An abstract syntax tree can be used to facilitate static analysis of code, rewriting code, compiling code (transform from one language to another), or very commonly in web development - transpiling code (transform from one language to another with similar level of abstraction ie. typescript to javascript, or es6+ to es5).
In this article I'll show some examples of simple source code presented as abstract syntax trees, and also give a working example (see the repo) by building simple babel plugins to transform basic code
Purity of abstraction
The AST examples I'll be showing are not pure abstractions as they contain metadata relating to the source code and the elements are named to reflect javascript syntax. In all respects they are abstract syntax trees and closely follow the EStree spec
The JSON representations in this article were generated by the AST explorer listed in the useful resources
section below.
Useful references
Javascript AST viewer - https://astexplorer.net/
Developer docs for babel plugin development - babel plugin handbook
Babel type reference - https://babeljs.io/docs/en/next/babel-types.html
AST examples
I'll provide some examples here to help visualise the resulting structure when code is parsed into an abstract syntax tree.
The first will change instances of var
to const
and the second will transform an array into an object.
Simple variable assignment
If we take the simple javascript code snippet below and process it with an AST parser.
const willIt = true;
The resulting AST can be expressed in a number of ways, most usefully as JSON . The snippet of code above transformed to an AST is represented by the following JSON.
{
"type": "Program",
"body": [
{
"type": "VariableDeclaration",
"start": 0,
"end": 20,
"loc": {
"start": {
"line": 1,
"column": 0
},
"end": {
"line": 1,
"column": 20
}
},
"declarations": [
{
"type": "VariableDeclarator",
"start": 6,
"end": 19,
"loc": {
"start": {
"line": 1,
"column": 6
},
"end": {
"line": 1,
"column": 19
}
},
"id": {
"type": "Identifier",
"start": 6,
"end": 12,
"loc": {
"start": {
"line": 1,
"column": 6
},
"end": {
"line": 1,
"column": 12
},
"identifierName": "willIt"
},
"name": "willIt"
},
"init": {
"type": "BooleanLiteral",
"start": 15,
"end": 19,
"loc": {
"start": {
"line": 1,
"column": 15
},
"end": {
"line": 1,
"column": 19
}
},
"value": true
}
}
],
"kind": "const"
}
],
"sourceType": "module"
}
The JSON is composed of a series of nodes each with a type
property.
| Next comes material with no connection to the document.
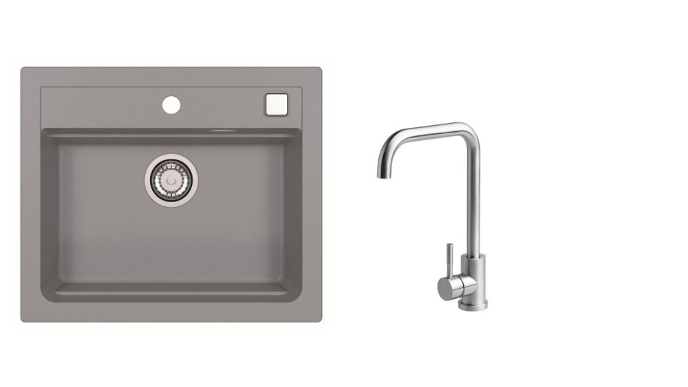 Vestavěný dřez, univerzál. Provedení : granitový dřez s odkapem Vnější rozměr: 590 x 500 mm Rozměr vaničky: 510 x 340 x 195 mm Exentrický sítkový ventil 3 1/2 s přepadem, sifon pro úsporu místa s odbočkou na myčku Úchyty a těsnění pro upevnění dřezu v balení S otvorem pro baterii Předfrézované dva otvory Návod pro instalaci v obrázcích na obale Instalace do skříňky při montáži: I- o šířce 600 mm, U- o šířce 800 mm Váha: 11,7 kg Rozměry balení (mm): 714x598x263 Baterie Angel Stojánková baterie Otočné ramínko Rozměr: 215x342 mm Provedení chrom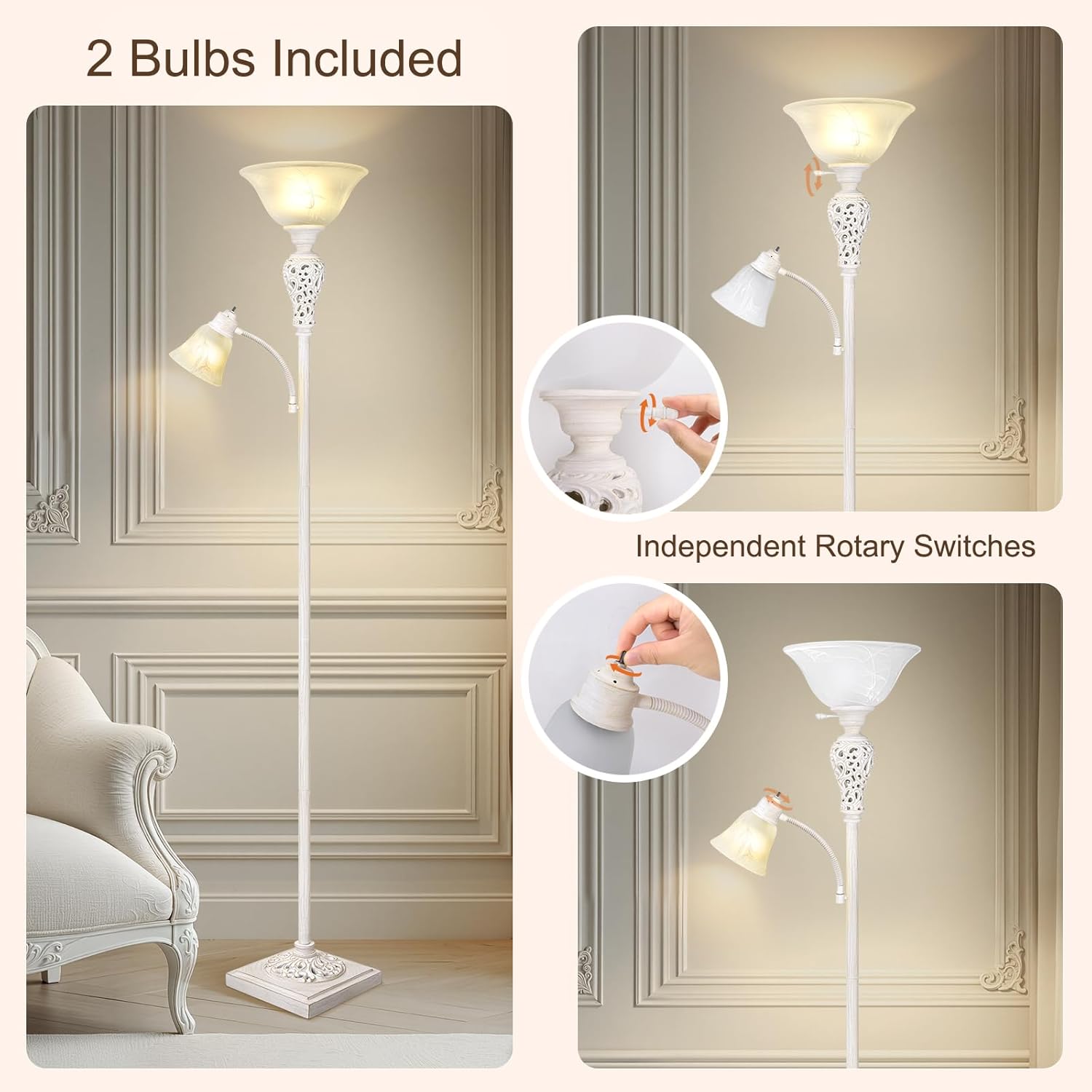 - Unique Design: The torchiere lamp features 2 white alabaster glass shades with a frosted texture, which looks more elegant and softens the light. The hollow carved leaves design and washed white finish of the lamp body add a vintage touch to your home.

The JSON below strips all but the type
properties from the JSON above.
{
"type": "Program"
"body": {
"type": "VariableDeclaration"
"declarations": [
{
"type": "VariableDeclarator",
"id": {
"type": "Identifier"
},
"init": {
"type": "BooleanLiteral"
}
},
]
}
}
You'll also notice each node contains location data that refers to the position of the associated expression in the source code.
{
"type": "VariableDeclaration",
"start": 0,
"end": 20,
"loc": {
"start": {
"line": 1,
"column": 0
},
"end": {
"line": 1,
"column": 20
}
},
}
Also note, and this is the key point of interest for us, the variable declaration signifies the kind of variable - in this case a const
.
{
"type": "VariableDeclaration",
"kind": "const"
}
The graphical representation of the hierarchical nature of the tree is much easier to grasp.
Assigning an object
let favouriteBelt = {
material: "leather",
length: 40
};
The JSON in this case is much more complex. I've omitted some of the properties for clarity.
{
"type": "VariableDeclaration",
"declarations": [
{
"type": "VariableDeclarator",
"id": {
"type": "Identifier",
"name": "favouriteBelt"
},
"init": {
"type": "ObjectExpression",
"properties": [
{
"type": "ObjectProperty",
"key": {
"type": "Identifier",
"name": "material"
},
"value": {
"type": "StringLiteral",
"value": "leather"
}
},
{
"type": "ObjectProperty",
"key": {
"type": "Identifier",
"name": "length"
},
"value": {
"type": "NumericLiteral",
"value": 40
}
}
]
}
}
],
"kind": "let"
}
And the graphical representation.
You can see that the hierarchy breaks down into familiar arrangements of nodes despite the relative increase in complexity compared to the simple value assignment.
Transforming code
Hopefully, now you have some idea of what an AST looks like and how it relates to the source code. Next, I'll show how you can transform the source code using the AST. The familiar babel
library provides all the tools necessary to parse, transform and re-generate source code so for simplicity the examples provided will be babel plugins.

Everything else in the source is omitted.